# [Your task]
Copy the lines below exactly. No picture goes into the copy.

Given entries START

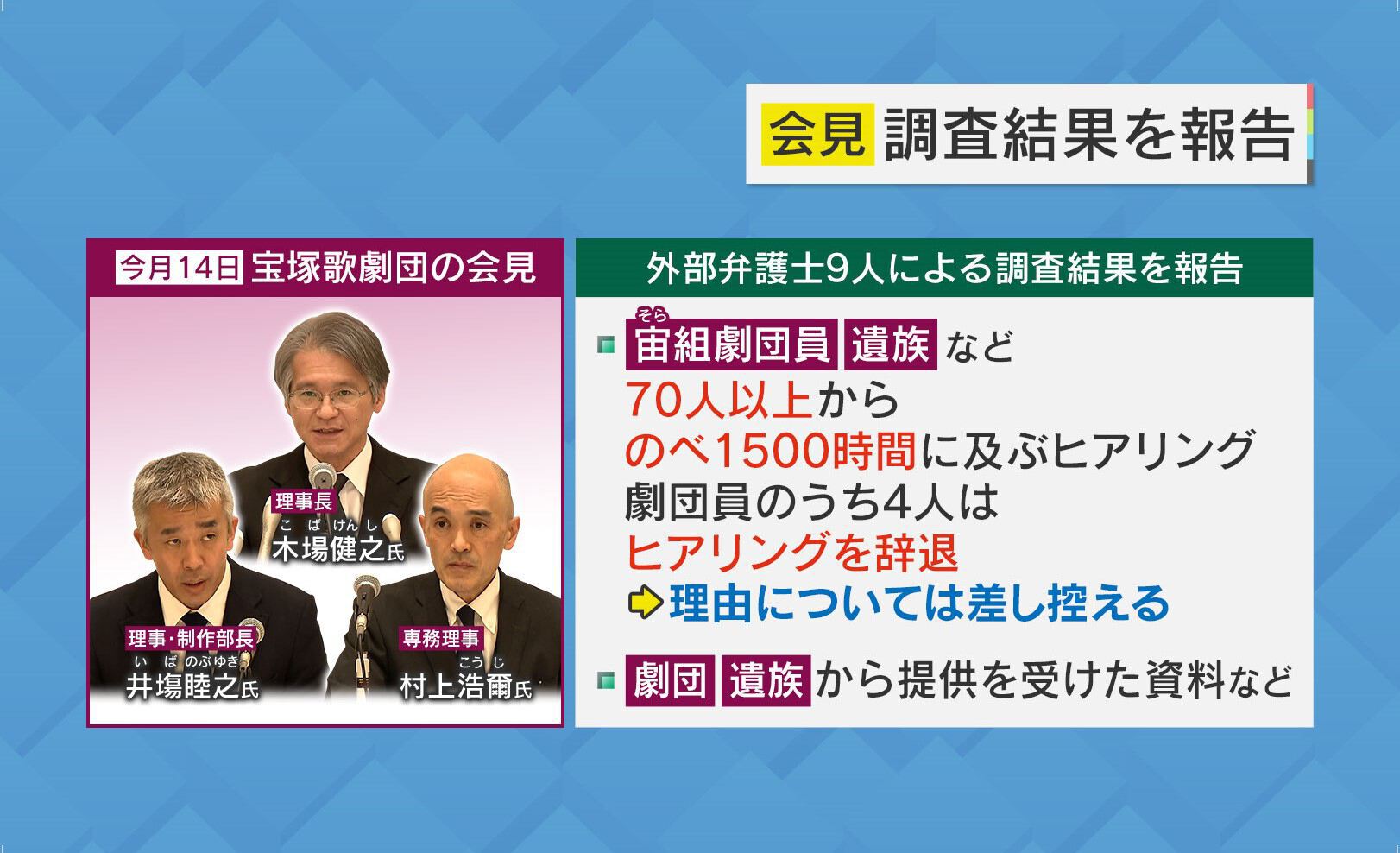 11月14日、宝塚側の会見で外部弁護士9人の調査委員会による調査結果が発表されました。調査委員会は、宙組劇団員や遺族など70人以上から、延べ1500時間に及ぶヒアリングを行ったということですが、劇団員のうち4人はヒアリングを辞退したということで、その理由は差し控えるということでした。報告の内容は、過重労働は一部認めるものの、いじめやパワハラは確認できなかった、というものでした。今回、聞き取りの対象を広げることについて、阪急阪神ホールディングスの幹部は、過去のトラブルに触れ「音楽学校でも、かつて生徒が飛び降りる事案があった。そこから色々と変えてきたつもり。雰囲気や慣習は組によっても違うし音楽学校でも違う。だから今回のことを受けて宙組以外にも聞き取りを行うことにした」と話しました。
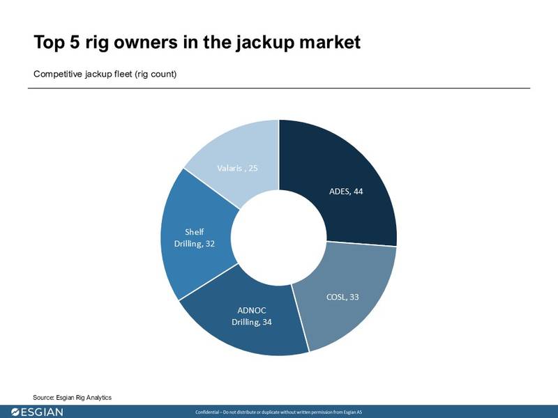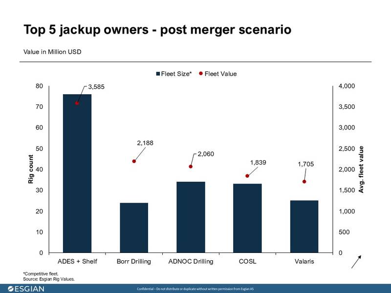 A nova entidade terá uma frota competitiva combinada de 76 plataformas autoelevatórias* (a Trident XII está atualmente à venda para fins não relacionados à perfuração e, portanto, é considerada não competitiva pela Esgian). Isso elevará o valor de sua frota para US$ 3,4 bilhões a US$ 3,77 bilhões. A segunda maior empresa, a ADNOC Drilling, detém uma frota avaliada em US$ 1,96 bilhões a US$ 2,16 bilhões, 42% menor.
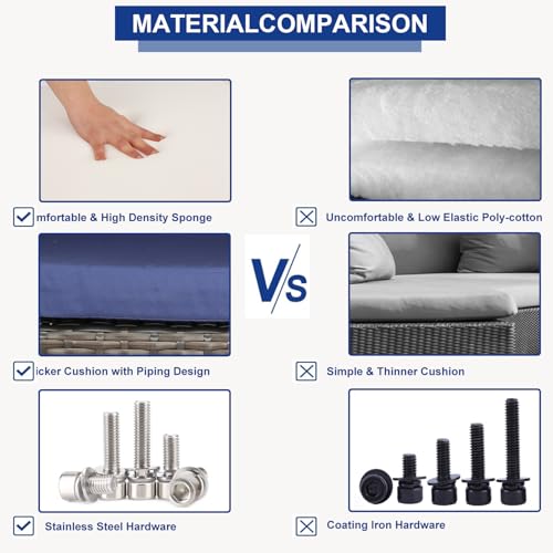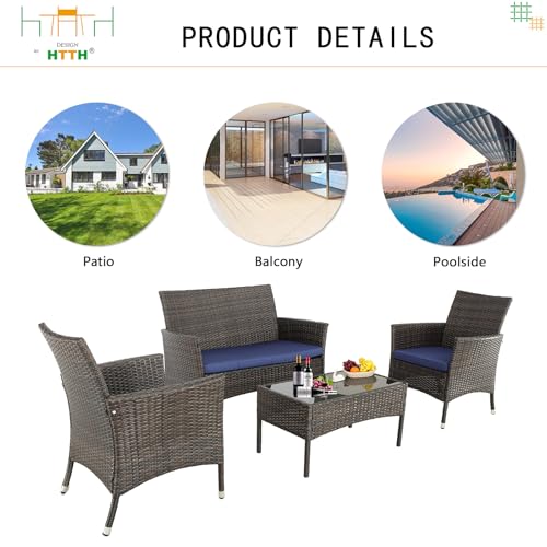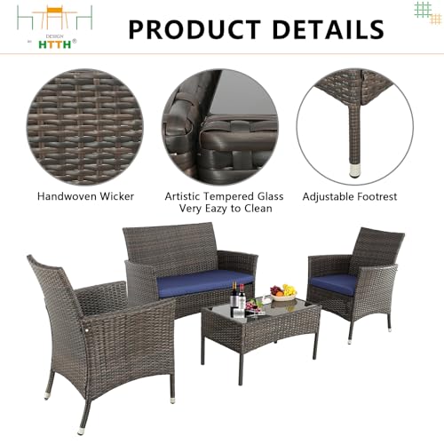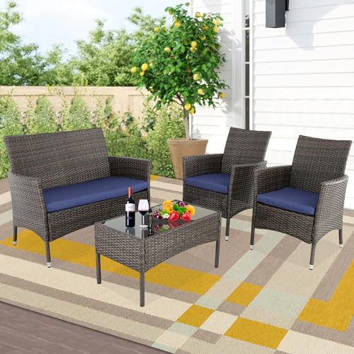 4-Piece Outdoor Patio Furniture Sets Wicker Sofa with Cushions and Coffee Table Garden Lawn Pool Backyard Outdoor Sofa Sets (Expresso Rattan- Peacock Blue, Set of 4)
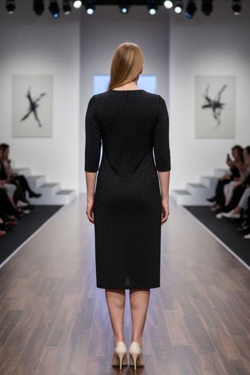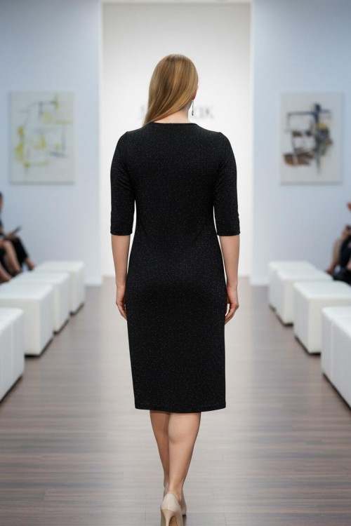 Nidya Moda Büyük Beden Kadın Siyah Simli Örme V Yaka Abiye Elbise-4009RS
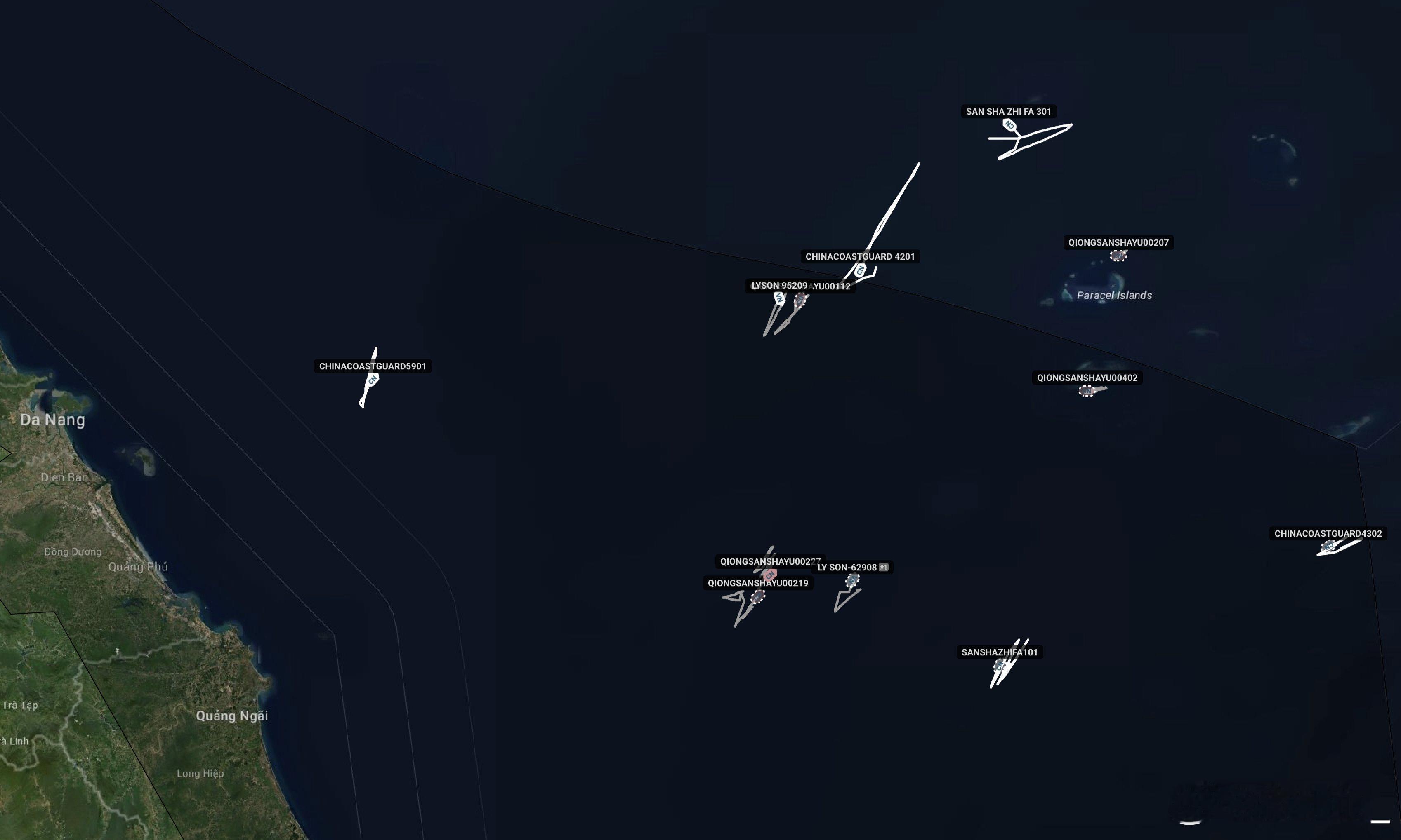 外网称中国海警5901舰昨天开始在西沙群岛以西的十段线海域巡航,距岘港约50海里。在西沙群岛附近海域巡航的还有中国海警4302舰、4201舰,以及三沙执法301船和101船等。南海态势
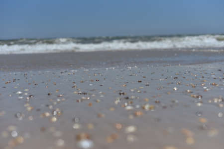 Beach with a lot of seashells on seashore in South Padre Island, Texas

Given entries END

# [Result of the task]
 11月14日、宝塚側の会見で外部弁護士9人の調査委員会による調査結果が発表されました。調査委員会は、宙組劇団員や遺族など70人以上から、延べ1500時間に及ぶヒアリングを行ったということですが、劇団員のうち4人はヒアリングを辞退したということで、その理由は差し控えるということでした。報告の内容は、過重労働は一部認めるものの、いじめやパワハラは確認できなかった、というものでした。今回、聞き取りの対象を広げることについて、阪急阪神ホールディングスの幹部は、過去のトラブルに触れ「音楽学校でも、かつて生徒が飛び降りる事案があった。そこから色々と変えてきたつもり。雰囲気や慣習は組によっても違うし音楽学校でも違う。だから今回のことを受けて宙組以外にも聞き取りを行うことにした」と話しました。
 A nova entidade terá uma frota competitiva combinada de 76 plataformas autoelevatórias* (a Trident XII está atualmente à venda para fins não relacionados à perfuração e, portanto, é considerada não competitiva pela Esgian). Isso elevará o valor de sua frota para US$ 3,4 bilhões a US$ 3,77 bilhões. A segunda maior empresa, a ADNOC Drilling, detém uma frota avaliada em US$ 1,96 bilhões a US$ 2,16 bilhões, 42% menor.
 4-Piece Outdoor Patio Furniture Sets Wicker Sofa with Cushions and Coffee Table Garden Lawn Pool Backyard Outdoor Sofa Sets (Expresso Rattan- Peacock Blue, Set of 4)
 Nidya Moda Büyük Beden Kadın Siyah Simli Örme V Yaka Abiye Elbise-4009RS
 外网称中国海警5901舰昨天开始在西沙群岛以西的十段线海域巡航,距岘港约50海里。在西沙群岛附近海域巡航的还有中国海警4302舰、4201舰,以及三沙执法301船和101船等。南海态势
 Beach with a lot of seashells on seashore in South Padre Island, Texas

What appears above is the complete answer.